その用途地域に応じて定められているのが「建ぺい率」と「容積率」だ。この2つの数字を見るだけで、おおよそどのような建物が建てられるか分かるようになっている。

「建ぺい率」も「容積率」も、敷地面積に対する%(パーセンテージ)で表されるようになっており、建築基準法によって定められている。新築の建設や所有物件の建て替え、中古物件の取得を検討しているオーナーは、その数字と意味することを知っておくことが大切だ。

敷地面積に対する基本的な考え方

「建ぺい率」とは、簡単に説明すると、平面で考え、敷地面積に対してどれくらいの割合で建物を建てられるかを指している。例えば、100㎡の敷地に対して、建ぺい率80%となると、80㎡までの建物しか建てられない。30%〜80%の範囲で制限が定められているのだ。

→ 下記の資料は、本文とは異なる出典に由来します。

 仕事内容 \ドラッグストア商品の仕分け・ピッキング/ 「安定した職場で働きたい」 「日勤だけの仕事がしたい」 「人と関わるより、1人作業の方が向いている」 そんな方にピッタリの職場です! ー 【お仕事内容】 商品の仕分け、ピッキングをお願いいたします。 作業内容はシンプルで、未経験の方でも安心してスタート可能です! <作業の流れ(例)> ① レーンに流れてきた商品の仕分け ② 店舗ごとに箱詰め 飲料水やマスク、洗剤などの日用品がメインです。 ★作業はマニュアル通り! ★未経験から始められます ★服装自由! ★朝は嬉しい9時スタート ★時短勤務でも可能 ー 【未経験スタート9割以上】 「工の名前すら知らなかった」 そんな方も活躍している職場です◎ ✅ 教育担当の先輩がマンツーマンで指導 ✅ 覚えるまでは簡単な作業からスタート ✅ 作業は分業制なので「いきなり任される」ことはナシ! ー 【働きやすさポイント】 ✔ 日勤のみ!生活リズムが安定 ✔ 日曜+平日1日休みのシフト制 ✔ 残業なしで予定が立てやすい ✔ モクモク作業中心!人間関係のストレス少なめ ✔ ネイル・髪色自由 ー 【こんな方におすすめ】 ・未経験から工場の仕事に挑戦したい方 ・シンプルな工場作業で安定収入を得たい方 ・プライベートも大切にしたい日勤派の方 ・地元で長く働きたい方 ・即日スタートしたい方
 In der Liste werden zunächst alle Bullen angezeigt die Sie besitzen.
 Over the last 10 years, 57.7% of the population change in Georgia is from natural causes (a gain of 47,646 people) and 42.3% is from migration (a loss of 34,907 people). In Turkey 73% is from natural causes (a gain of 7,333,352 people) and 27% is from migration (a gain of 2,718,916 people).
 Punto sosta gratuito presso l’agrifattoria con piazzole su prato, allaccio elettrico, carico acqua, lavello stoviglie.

別名、〝ゆとり度〞とも称されるように、図Ⅰのように「建ぺい率」の数字が小さいほど隣り合う建物との間に空間が生まれ、ゆったりとした佇まいになるだけではなく、災害時の避難経路の確保や延焼の抑止など防災面から見ても住環境を整えることができる。しかし、逆に小さな面積の建物しか建てられないため、部屋の広さや戸数が限定されてしまう。

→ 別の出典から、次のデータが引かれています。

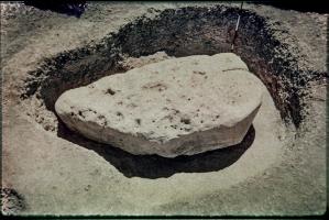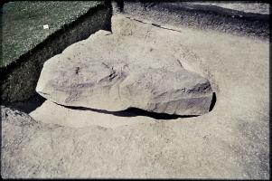 1938-39. Alexander Keiller's Slides. General view of the excavation of Stone 4 [Map] in the south west sector of the henge at Avebury showig the inner face.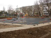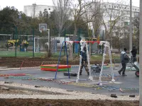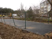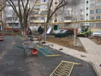 В настоящее время заканчивается установка элементов на детской площадке.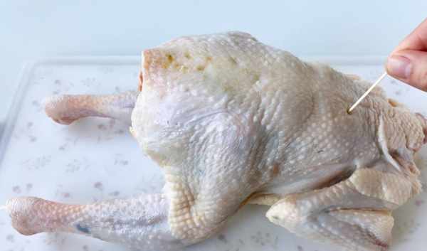 2、用牙簽在雞肉上均勻的紮上小洞,在雞腿和雞胸這兩個地方紮得多一點,因為這兩個地方的肉厚,紮少瞭不入味。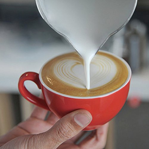 - ★STURDY STAINLESS STEEL: Made with 100% non-toxic food grade quality stainless steel that’s rustproof. Because we use high quality material to make this it won’t fall apart like the cheaper ones or become rusty. The handle makes it easy to maneuver the pitcher around when frothing milk.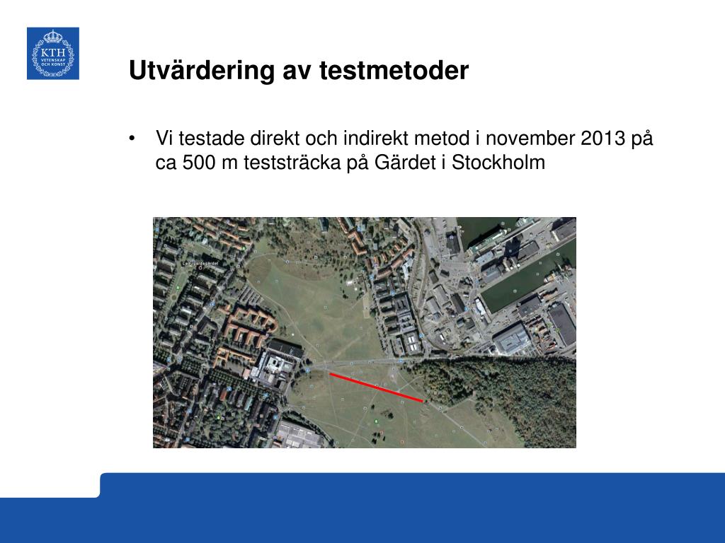 Utvärdering av testmetoder • Vi testade direkt och indirekt metod i november 2013 på ca 500 m teststräcka på Gärdet i Stockholm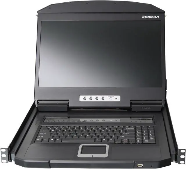 Integrated VGA 8-port LCD KVM console with 18.5" widescreen LCD monitor Single rail housing; top/bottom clearance for smooth operation in a 1U high system rack Control up to 128/256 computers by cascading up to 2 levels with IOGEAR's GCS1808 or GCS1716 LCD monitor supports resolution of 1366 x 768 @60Hz Short depth design allows for rack-mounting in narrow spaces Supports VGA video input; supports an external console with USB/VGA connectors Built-in USB Type-A port on front panel for peripheral sharing HID devices Dual Interface - Supports computers with PS/2 or USB Keyboards and Mice Auto PS/2 and USB interface detection Keyboard and mouse emulation (PS/2 & USB) for smooth switching and simultaneously booting multiple computers even when the console's focus is elsewhere Console lock design enables the console drawer to remain securely locked away in position when not in use Computer selection via pushbuttons, hotkeys, and multilingual On Screen Display (OSD) Broadcast mode - enables to send commands from the console to all connected computers to perform simultaneous operations Two level password security - only authorized users can view and control computers Auto Scan Mode - enables continuous monitoring of user-selected computers Multilingual keyboard mapping supports English (US), English (UK), French, German, German (Swiss), Hungarian, Italian, Japanese, Korean, Russian, Spanish, Swedish, and Traditional Chinese Standard rack mount kit included Plug-n-Play Firmware Upgradable Hot Pluggable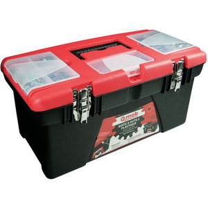 Gereedschapsbox kunststof Basis, Afsluitbaar met hangslot: ja, Totale hoogte: 190 mm, Totale breedte: 210 mm, Totale lengte: 415 mm, Gewicht: 1115 g, Aantal vakken: 4, Type nr.: 9506000201, Materiaal: Kunststof, Soort opbergmeubel: Gereedschapskoffer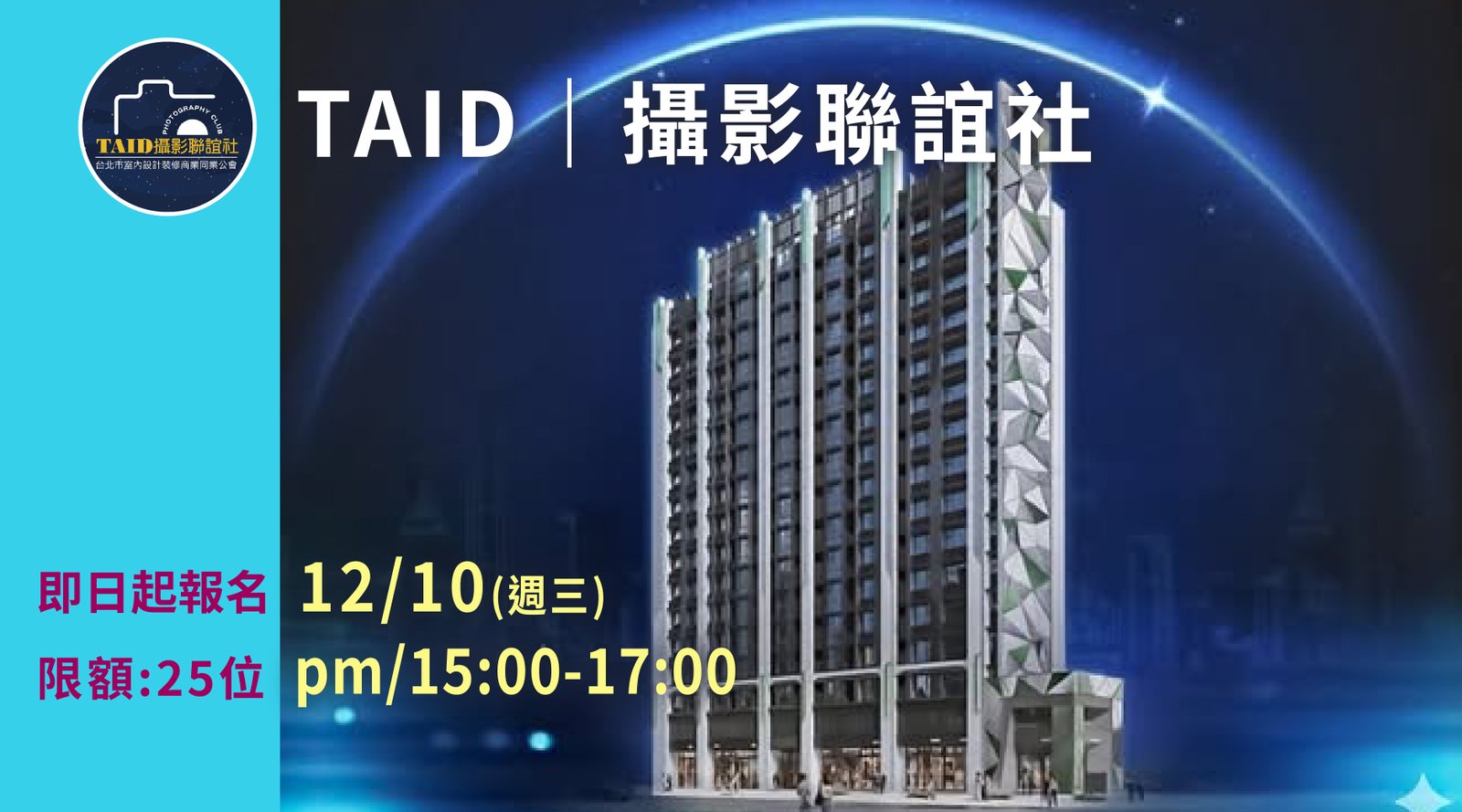 報名專區 公會講座/課程 友會講座/課程 聯誼社活動 參訪/旅遊活動 活動行事曆 人文講堂空間租借 公會講座/課程 友會講座/課程 聯誼社活動 參訪/旅遊活動 活動行事曆 人文講堂空間租借 聯誼社活動 搜尋:日期搜尋 聯誼社活動 TAID單車聯誼社 | 元月份活動 2026 年 1 月 5 日 聯誼社活動 TAID書法聯誼社 | 二月份活動 2025 年 12 月 30 日 聯誼社活動 TAID藝文聯誼社 | 十二月份活動 2025 年 12 月 4 日 聯誼社活動 TAID攝影聯誼社 | 十二月份活動 2025 年 11 月 28 日 聯誼社活動 TAID單車聯誼社 | 十二月份活動 2025 年 11 月 17 日 Prev12345Next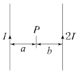 그림과 같이 평행한 두 개의 무한 직선 도선에 전류가 각각 I, 2I인 전류가 흐른다. 두 도선 사이의 점 P에서 자계의 세기가 0이다. 이 때 a/b 는?

一方、「容積率」は立体で考え、敷地面積に対する建築可能な延べ床面積を指す。100㎡の敷地に対して建ぺい率80%、容積率400%の場合では、何階建てまで建てられるかは次のような計算式で求めることができる。

・400%(容積率)÷80㎡(建物面積)=5(階)

これにより、図Ⅱのような床面積80㎡で5階建も建てられることが分かるだろう。駅前のような商業地域は容積率が大きいため、ビルやマンションなど高層の建物を建てることが可能になる。

賃貸経営の将来を見据えた情報収集が必要

所有する土地の「用途地域」や「建ぺい率」、「容積率」について知るには、最寄りの自治体の担当部署で用途地域マップ(地図情報)を入手するか、一部の自治体ではインターネットから情報を得ることが可能だ。

「用途地域」は、駅前の再開発事業に伴う変更や、約5年に一度見直されるため、定期的に役所に足を運んで情報収集しておくことがおすすめだ。将来、建て替えをする可能性のある中古物件を購入する時には、「用途地域」の変更に伴い「建ぺい率」、「容積率」が変わり、同じように建てられない可能性もあるため注意が必要である。

また、所有物件がある地域がどうなるのかといった、今後の町づくりの計画を知っておくことは、オーナーにとって大切な情報になるだろう。というのも、賃貸経営は20年、30年に及ぶものであり、先を見据えた計画が必要だからである。